| Action item |
The part to set down runs from the first line of the data below through the line with "Young mother's summer", inclusive; write it exactly and leave out the pictures.
*** Raw data ***
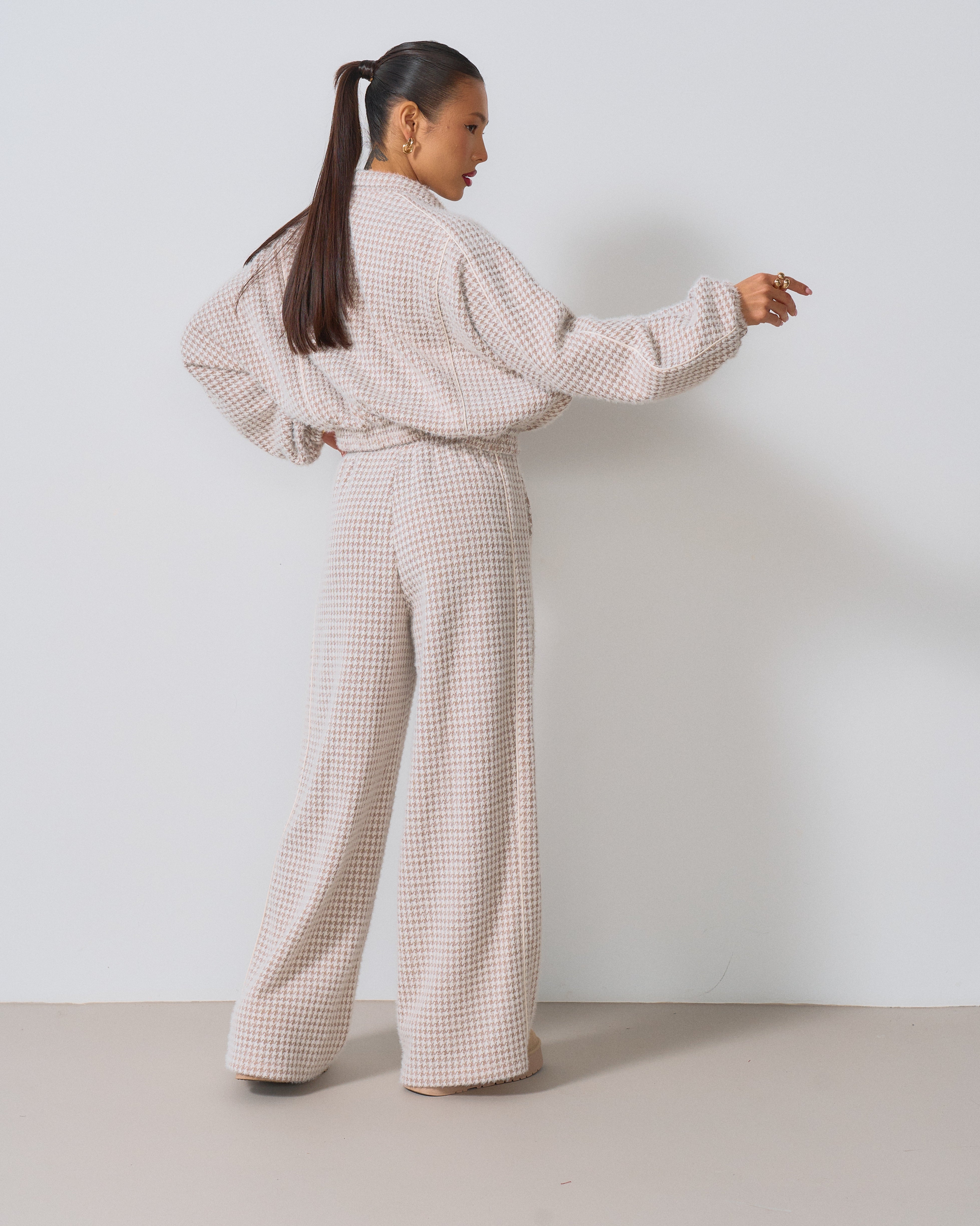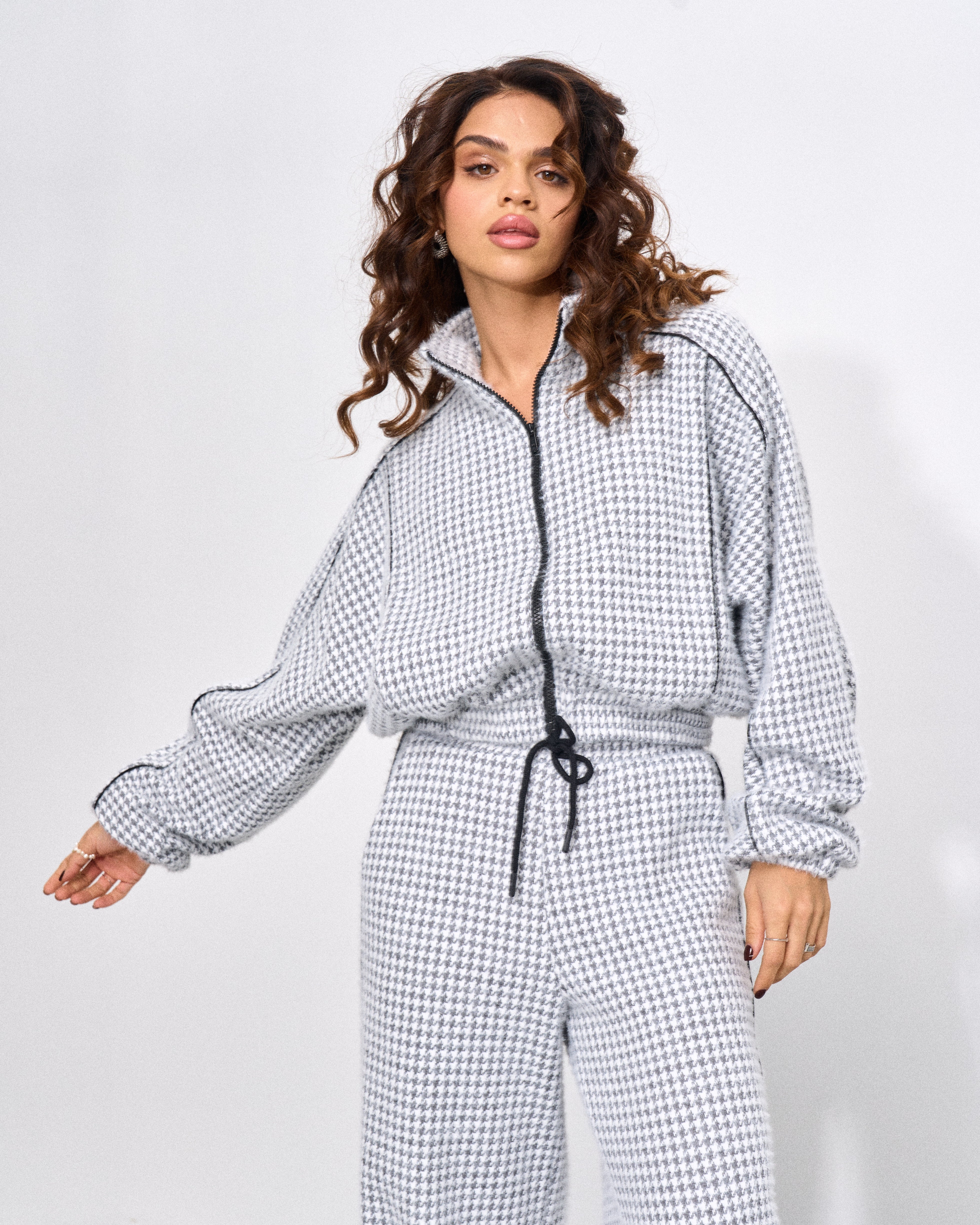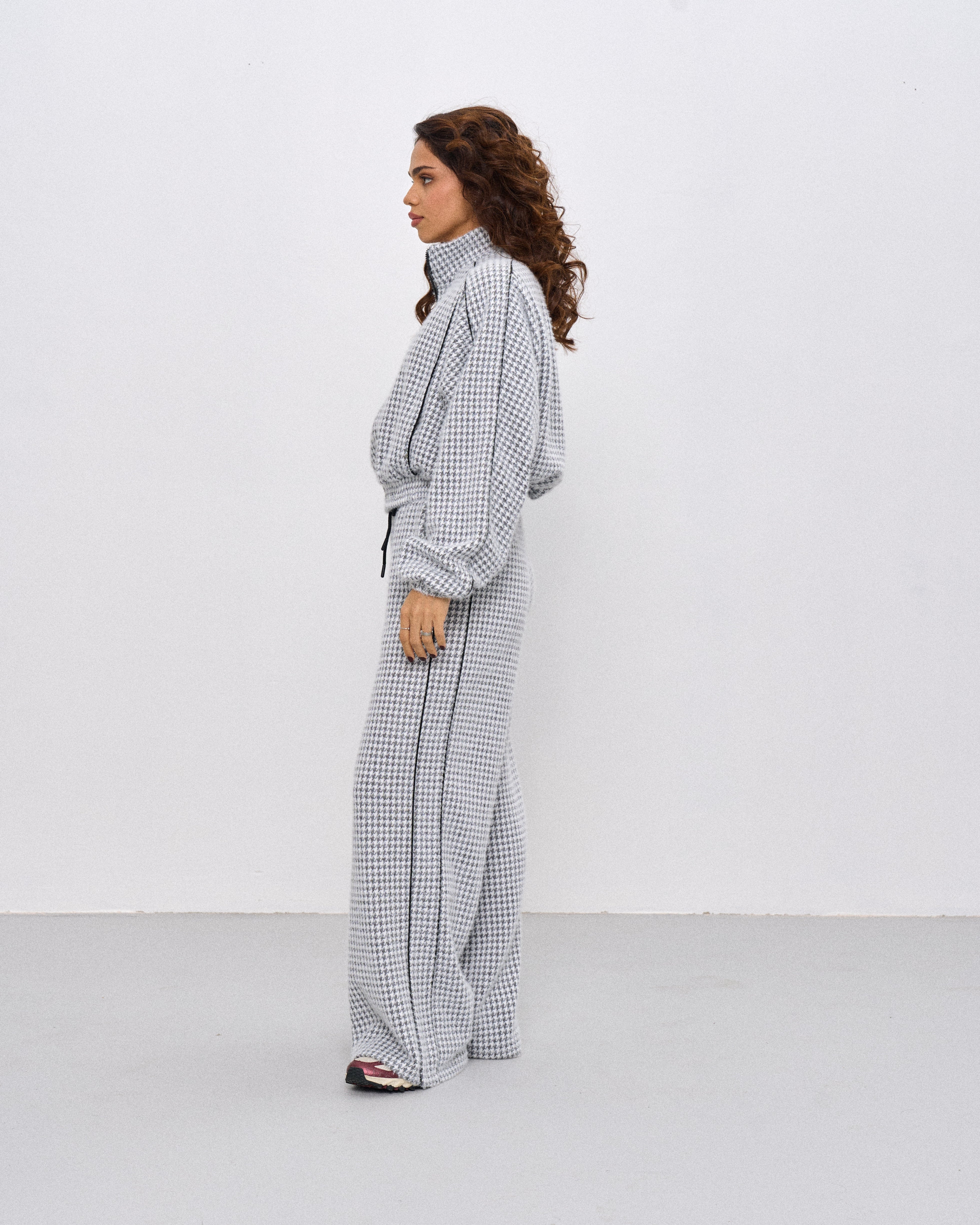 Цей костюм — ідеальне поєднання вишуканості та актуального дизайну. Виготовлений з якісної тканини з візерунком «гусина лапка», він додає образу неповторного шарму та елегантності. Такий принт завжди на піку моди і підкреслює індивідуальність.
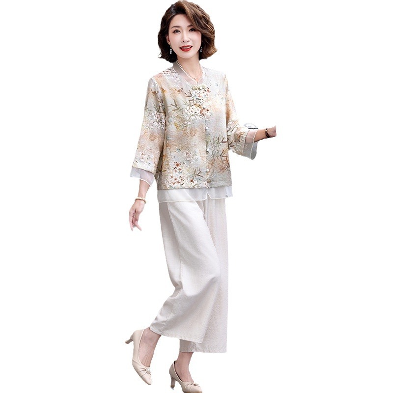 Young mother's summer new Chinese style national style shirt two-piece western style middle-aged and elderly women's small shirt set
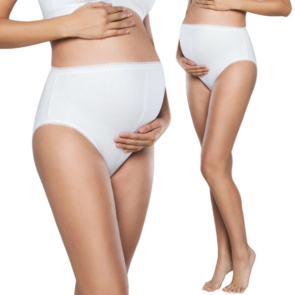 Majtki damskie zakrywające brzuch wykonane z miękkiej i miłej w dotyku bawełny, która dostosowuje się do zmieniającego, powiększającego się brzucha kobiety w ciąży. Mają uniwersalny krój, są bardzo estetycznie wykończone. Majtki idealnie sprawdzają się w ciąży. Materiał po praniu zachowuje swoją elastyczność i wygląd. Dzianina zapewnia wygodę - majtki nigdzie nie uwierają. Biustonosz widoczny na zdjęciu dostępny na innej naszej aukcji. Skład: materiałowy: 90% bawełna 10% elastan.
***
| Task output |
 Цей костюм — ідеальне поєднання вишуканості та актуального дизайну. Виготовлений з якісної тканини з візерунком «гусина лапка», він додає образу неповторного шарму та елегантності. Такий принт завжди на піку моди і підкреслює індивідуальність.
 Young mother's summer new Chinese style national style shirt two-piece western style middle-aged and elderly women's small shirt set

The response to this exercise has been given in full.